## Problem statement
Where a picture appears in the data below, exclude it; restate everything else word for word.

## Exercise data
-- Opening Marker --

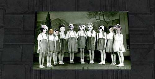 “Found Heads” — there are a number of these type of collages in Michael’s work depicting a row of women and/or men whose appearance have been uniformly altered.
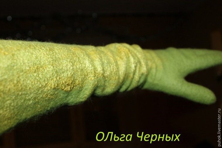 Снимаю с шаблона, хорошенько притираю, расправляю все наши ребра, тщательно между пальчиков! Вымешиваю, как тесто, минут 10, постоянно разворачивая и расправляя. Надеваю на руку и формирую перчаточку по руке. Не забываю про большой пальчик, его нужно при валянии чуть развернуть, поставить на место. Хорошенько выполаскиваю, смотрю на результат. Если меня не устраивает качество, вновь намыливаю и еще валяю.
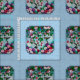 Flower Garden and Hummingbirds Blue Fabric
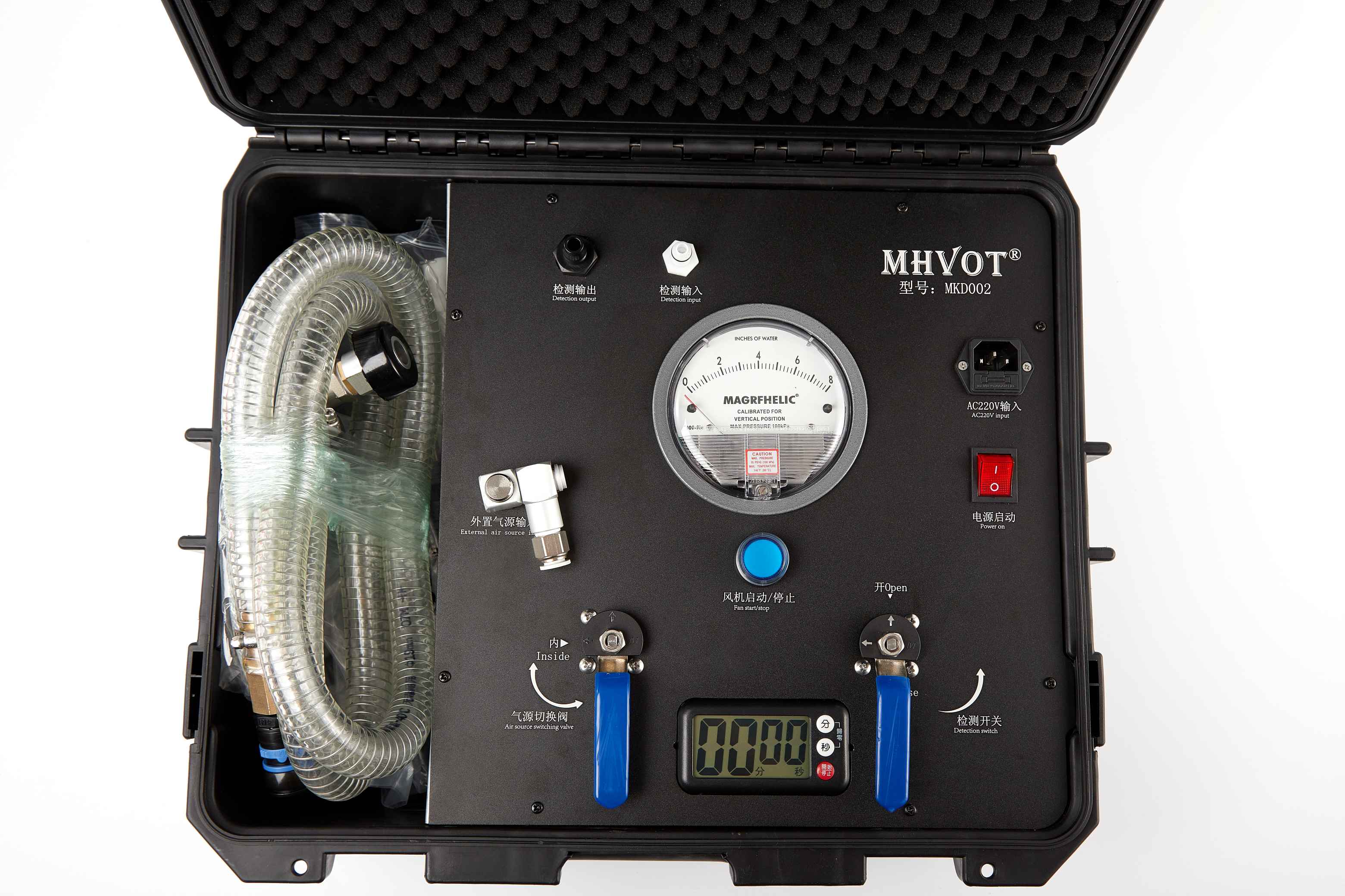 检测原理:防化服检测仪主要由内置电动供气源、压力计、计时器以及供气管路组成,充气测压变化。

-- Closing Marker --

## Reply to the task
 “Found Heads” — there are a number of these type of collages in Michael’s work depicting a row of women and/or men whose appearance have been uniformly altered.
 Снимаю с шаблона, хорошенько притираю, расправляю все наши ребра, тщательно между пальчиков! Вымешиваю, как тесто, минут 10, постоянно разворачивая и расправляя. Надеваю на руку и формирую перчаточку по руке. Не забываю про большой пальчик, его нужно при валянии чуть развернуть, поставить на место. Хорошенько выполаскиваю, смотрю на результат. Если меня не устраивает качество, вновь намыливаю и еще валяю.
 Flower Garden and Hummingbirds Blue Fabric
 检测原理:防化服检测仪主要由内置电动供气源、压力计、计时器以及供气管路组成,充气测压变化。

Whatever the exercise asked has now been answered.